Let's figure out which is the case! Clone the mutated rabbit and breed it with its clone. (Yeah, sex chromosomes are not simulated. Makes experimentation easier... and weirder.) If the dark gene was destroyed none of the offspring should have a dark leg. If the bright gene was added it should be inherited by 3 out of 4 offspring. This is because each parent passes this gene on with a 50% probability and if either of them does, the offspring will have a bright leg.
This is already Mendelian inheritance but you could carry on crossing specimen from later generations and verify the statistics predicted by the theory. Gregor Mendel cultivated 29,000 pea plants — see if you can make do with less!
Regrets
I have basically managed to finish one of three pillars intended as the basis of the game. The missing two are:
Intermediate genetic manipulation. The Digitalizer gives absolute control but is no fun to use. I had planned some tools to fill the gap between the Mutator and the Digitalizer. A Sequencer that would report the list of genes found in a DNA. An Autopsy service that would destroy a creature and provide body part-level information (maybe break up the DNA into per-part fragments). A Retrovirus designer that would allow you to replace some sequences with others in a creature.
Outside world. An environment into which you can throw your creations and have them solve problems. You could control them through a Controller where you bind sequences to keys on your keyboard. Pressing the key would activate the part that has that sequence. You would capture new creatures (with exciting new genetic material) from this outside world, probably by beating them up.
I am not sure how I could have fit these in the week. I am not Cosmologicon :). I probably aimed too high. Tuning the genetics soaked up a lot of time and it could not be skipped since it is the core of the game. Features that can soak up indefinite amounts of time are the number one enemy in PyWeek in my opinion.

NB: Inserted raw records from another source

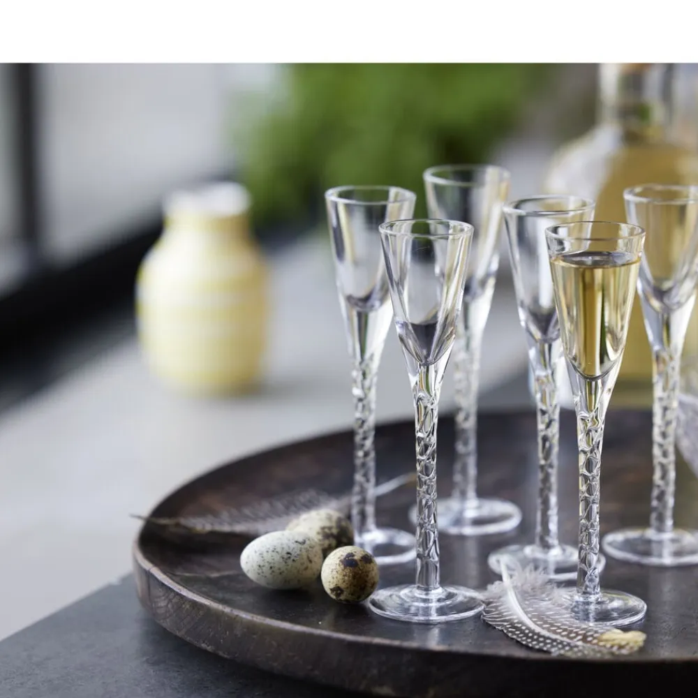 6 håndlavede og mundblæste snapseglas med hånddrejet snoet stilk bidrager til en god stemning ved bordet. Snapseglassene i klart glas har en flot, klassisk udformning og indeholder 2,5 cl. H 16 cm.
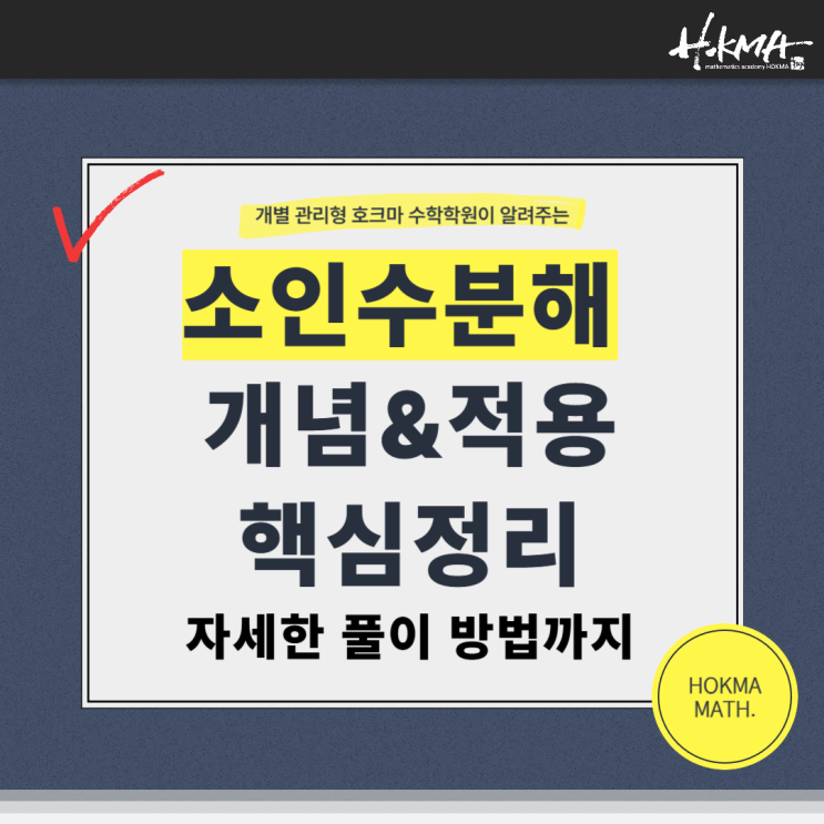 안녕하세요. 산곡동 수학학원, 호크마수학학원입니다. 중1 수학을 시작하면 가장 먼저 등장하는 중요한 단원이 바로 소인수분해입니다. 처음 배우는 학생들은 소수, 합성수, 인수 같은 낯선 용어 때문에 "이게 뭐지?" 하고 어려움을 느끼는 경우가 많습니다. 소인수분해는 숫자가 어떻게 만들어졌는지를 이해하는 과정입니다. 그래서 오늘은 산곡동 수학학원 호크마에서 소인수분해를 처음 배우는 학생들이 꼭 알아야 할 핵심 개념과 흐름을 쉽고 명확하게 정리해 보겠습니다. 1. 왜 소인수분해를 배울까요? 중1 수학에서 소인수분해를 배우는 이유는 단순합니다. 약수와 배수를 쉽게 구하기 위해서입니다. 어떤 수의 약수를 구할 때 하....... <img src="https://blogthumb.pstatic.net/MjAyNjA0MjZfMzQg/MDAxNzc3MjEzNjAwNDcx.EhRCUEFRb3whyYXZ9v28YHxZJoB3HICr10R9x1q7L_wg.hegMYvIWtnm7TyufasYL3qz4CujZafqFGop0DTRjXnUg.PNG/001.png?type=s3" />
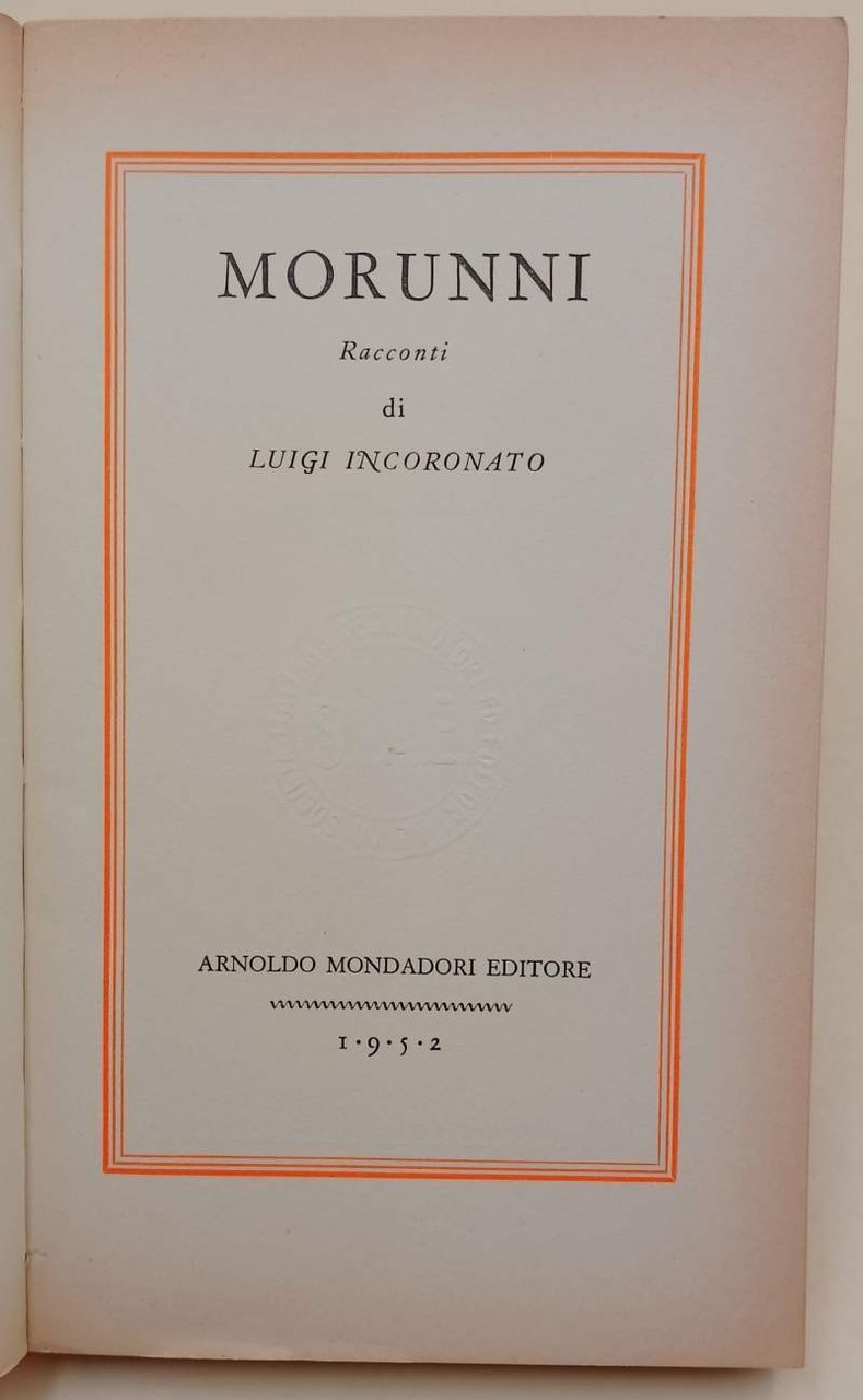 In 8', br. ed. , sovrac. in acetato, pp. 218, racconti. piega all'ang. inf del piatto post., con strappi all'acetato, scolorimenti al dorso, interno in buono stato, bruniture e segni del tempo.

I also spent quite some time on the UI. I did not use a toolkit because I can write the line for checking where the user clicked faster than I can figure out a toolkit. Turns out a UI with drag and drop, vertical and horizontal containers and all this stuff is a bit more work — looks like it clocks in at 300 lines. Also it took me ages to draw the graphical elements. And I don't even have a button click animation!
Ah, and I only realized on Saturday that saving the game is not as easy as pickle.dump(game, file('save_game', 'w')) when every object references a few sprites :).